Even for family members who do not possess such experience and knowledge of the automotive industry, there is still reason to consider subjecting them to restrictive covenants. For example, a seller subject to a non-compete can use a family member as a proxy when establishing a competing dealership. The seller can use his or her own knowledge, experience and capital to help develop a competing dealership without actually owning part of the business.
Presenting a Fair, Reasonable Restrictive Covenant to the Seller
Keep in mind that buyers can place reasonable limits upon these restrictive covenants to make them more palatable to sellers. For instance, a covenant for non-solicitation of dealership employees could be limited just to those employees that are hired by the buyer or who are later terminated by the buyer. The buyer could be promised the right to interview employees prior to closing and then have the non-solicitation apply only to employees that the buyer desires to retain. This gives the seller a more definitive list of employees he can solicit for other dealerships or ventures prior to closing.
Additionally, we recommend that sellers request certain dealership employees to be exceptions to non-solicitation covenants. Frequently, these are family members or long-time employees. If done on a limited basis, singling out specific employees could allow the buyer to more easily review, on a case-by-case basis, whether such an exception makes business sense.
It is important to have objective ways to set reasonable geographic restrictions for non-compete covenants. The non-compete covenants that we have seen in franchise dealership buy-sell agreements have a wide range of geographic limits – from a ten-mile radius in urban and suburban areas to geographic limits designated by county.

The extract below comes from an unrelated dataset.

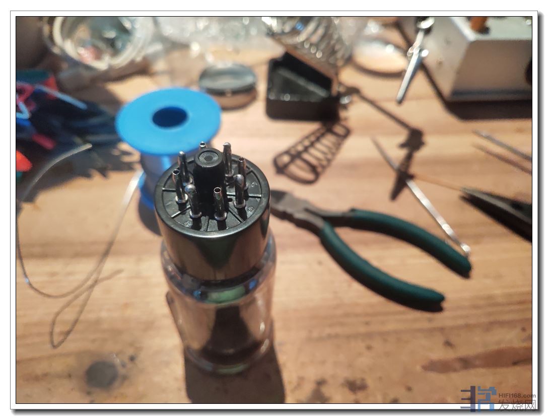 这几个簧片是从之前6P12P管座上闲置引脚上拆下来的,用1平方单支粗铜线焊上。

While each limit is different based on the unique circumstances of the market area, there is objective franchisor data that a buyer can use to justify the specific limits it is proposing. For instance, if a dealership generates a lot of sales in specific areas outside of its relevant market area, a buyer may want to add those areas to the geographic area which is covered in the non-compete covenant. Conversely, the dealership may be underperforming in several census tracts within the dealership’s relevant market area where the buyer feels it can improve sales performance. Either way, it is helpful for the buyer to have this information at its disposal to identify what geographic areas really need protection from any future competition by the seller.
Forum Selection Clauses
To reduce aggravation and attorney’s fees, all buyers – especially those involved in buy-sell transactions with parties from multiple states – should consider which state they will choose to enforce the seller-restrictive covenants in the agreement. For instance, a New York buyer and New Jersey seller begin negotiations regarding a buy-sell involving a Connecticut dealership. In such a transaction, there are three possible jurisdictions which could potentially all have different interpretations of the same agreement or provision.
One court may be more willing to strictly enforce a restrictive covenant, while another court may see flaws with a particular provision which they are unwilling to enforce. To avoid such risk and confusion, buyers are advised to consult their attorneys when choosing the best available forum for disputes and reference said forum in the agreement as the forum where any dispute arising from the agreement will be heard.